Introduction: The phase III randomized KEYNOTE-522 trial demonstrated that pembrolizumab in combination with chemotherapy as neoadjuvant treatment followed by adjuvant pembrolizumab (pembrolizumab + chemotherapy) provided significant improvements in event-free survival (EFS) and overall survival (OS) for patients with high-risk early-stage triple-negative breast cancer (eTNBC). The objective was to assess the cost-effectiveness of pembrolizumab + chemotherapy compared to neoadjuvant chemotherapy alone (chemotherapy) in patients with high-risk eTNBC from a Hong Kong third-party payer perspective.

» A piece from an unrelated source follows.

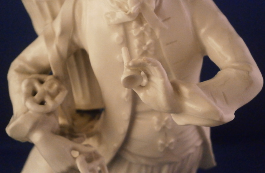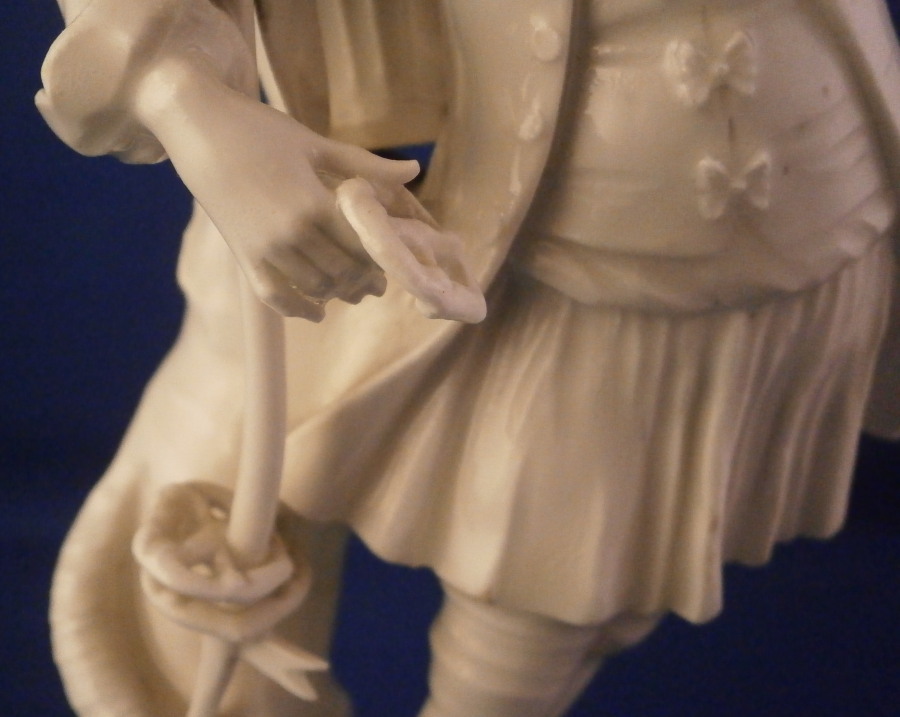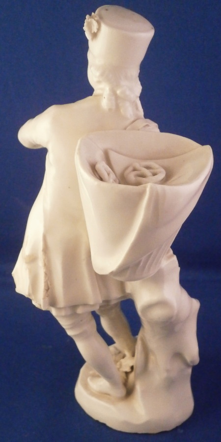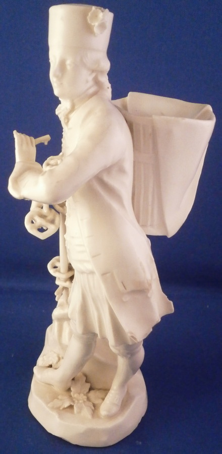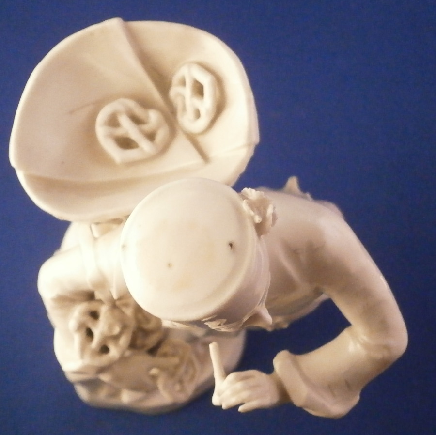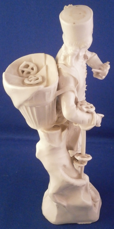 This is one of the Vienna versions of the Cris de Paris type street vendors in Wien Austria instead of Paris. Here we have the pretzel seller made by Royal Vienna in the mid 18th century around 1760. He is part of an entire series but they are really hard to find and I ahve never seen this figure in white. Modelled superbly and quite typical of early Vienna figurines. He has a little trumpet in his left hand to attract the attention of the people, has a basket with a cloth on top and a couple of pretzels in it on his back and a stick holding a few pretzels on his right with a pretzel in his right hand. A couple of flowers on the base. It is really a superb figurine! The figure was left in the white to show off the nice details of this figurine and it is in good condition for the age. The tip of the pretzel stick is missing and there is some damage to the back left coat are as shown and possible a bit of damage to the top of the flowers on his hat but that is ahrd to tell plus some staining to the top of his hat. That all being said he really is in remarkable condition for the age and all those tiny fragile details! Fingers and pretzels are fine as is the trumpet, etc. The figure is 7.625 inches tall, 3.5 inches wide and 3.5 inches deep. Marked underneath with the blue beehive / shield mark as shown. Please email me for more information or photos.

Methods: A multistate transition model with four health states (event-free), locoregional recurrence, distant metastases, and death) was developed to assess the lifetime medical costs and health outcomes (3% annual discount), along with incremental cost-effectiveness ratios (ICERs) using efficacy and safety data from the KEYNOTE-522 trial. The health state utilities were derived from KEYNOTE-522 Euro-QoL-five-dimension five-level questionnaire (EQ-5D-5L) data. Costs were expressed in 2022 Hong Kong dollars (HKD). Scenario and sensitivity analyses were performed to assess the robustness of results.

Results: Over a 32-year time horizon, base case results showed that pembrolizumab + chemotherapy was associated with a 3.42 year longer EFS and expected gains of 3.05 life years (LYs) and 2.45 quality-adjusted life years (QALYs) compared to chemotherapy. The resultant ICERs were HKD 135,200 per QALY gained and HKD 108,463 per LY gained, which were lower than the World Health Organization (WHO) cost-effectiveness threshold of three times gross domestic product (GDP) per capita for Hong Kong of HKD 1,171,308 per QALY. The one-way sensitivity analyses (OWSA) and probabilistic sensitivity analysis (PSA) showed the results were robust across various inputs and alternative scenarios.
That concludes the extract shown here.